The only ethical way out of this morass is for the government to honor the Kanjorsky amendment to the financial reform bill that slipped past the lobbyists' notice and allows the government to step in. The Kanjorski amendment allows federal regulators to preemptively break up large financial institutions that pose a threat to US financial or economic stability. And this situation poses a definite risk to US financial and economic stability. Homeowners are not going to allow themselves to be screwed (again) just to maintain the big banks in their current positions, massive bonuses and all. They're going to sue the bastards and they're already doing it. Why do you think there's a foreclosure moratorium?

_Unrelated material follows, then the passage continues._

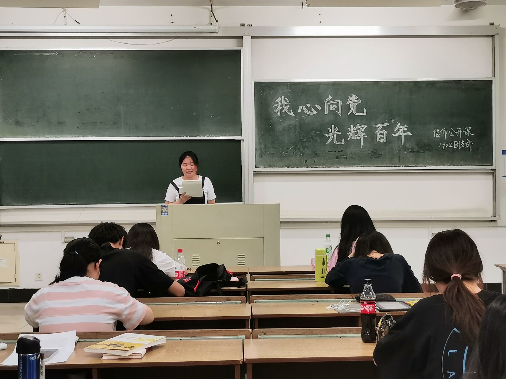 此次活动形式为各个班级成员接力书写对党的一句话,活动伊始,谭译开展写本交接仪式,她将签字本递给员工杨莹莹,并指导各位同学书写格式与要求。随后,员工一一写下对中国共产党的肺腑之言。接着,主持人邀请周文嫣、王珺彦、徐珠萍、王银四位员工给全班员工阅读自己献给党的话,赢得了员工的热烈掌声。最后,主持人作活动总结,表明班级员工应向党学习,严格要求自己,为建设社会主义努力学习、奉献自我。
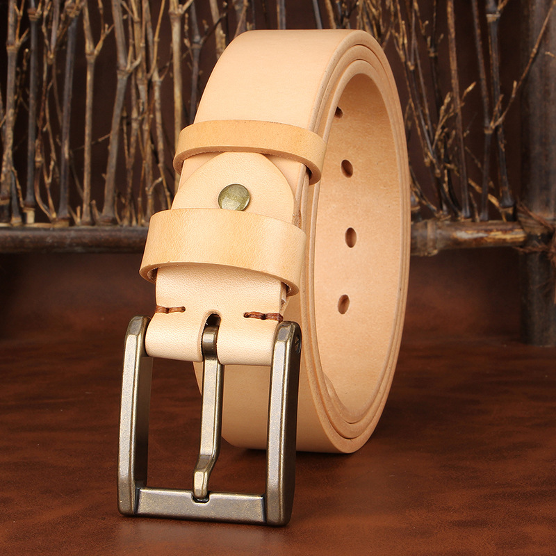Elevate your everyday style with this rugged yet refined 1.5-inch full-grain cowhide leather belt. Crafted from vegetable-tanned leather and finished with a pure brass needle buckle, this belt delivers the perfect balance of durability, comfort, and vintage character. Its thick 3.8 cm (1.5 in) strap offers a substantial feel, while the natural aging of vegetable-tanned leather creates a rich patina that becomes uniquely yours over time.

The Obama administration has sided with the big banks every step of the way so far, bailing them out without cracking down and then letting them go on feathering their own nests in a gargantuan display of financial gluttony. Now the banks are caught with their pants down (again), and this time the law is clearly on the side not of the banks but of the homeowners. They have even foreclosed on people who were paid up on their mortgage and at least in one case foreclosed on a person who didn't even have a mortgage! How would you like to be evicted from your home even when you owned it free and clear. It happened!
The Obama administration's plan for mortgage modification either by reducing principal or interest rate never went anywhere and was never actually put into effect by the banks. The banks thought it to be more profitable for them to go ahead and foreclose on everything they could get their hands on. Homeowners be damned! The banks got themselves into this mess because they wanted to bypass paying local recording fees. So they are totally culpable of wallowing in their own greed. Now let them wallow in their own puke. They deserve it. The homeowners, finally, and not the banks deserve a break. It's almost unimaginable that after the mess they created, the banks are at it again creating another mess. Although the first mess was created legally after the Glass-Steagall Act was nullified in 1999 by the Financial Modernization Act, the present mess does not have any legal backing whatsoever. Legally, the banking greed gluttons are clearly on the hook, but how much do you want to bet that they will try to weasle out of this one. Let us hope that the Obama administration comes to its senses and says to the banks: Enough! No more! We've been screwed once. We're not letting it happen again. It's the only morally right thing to do!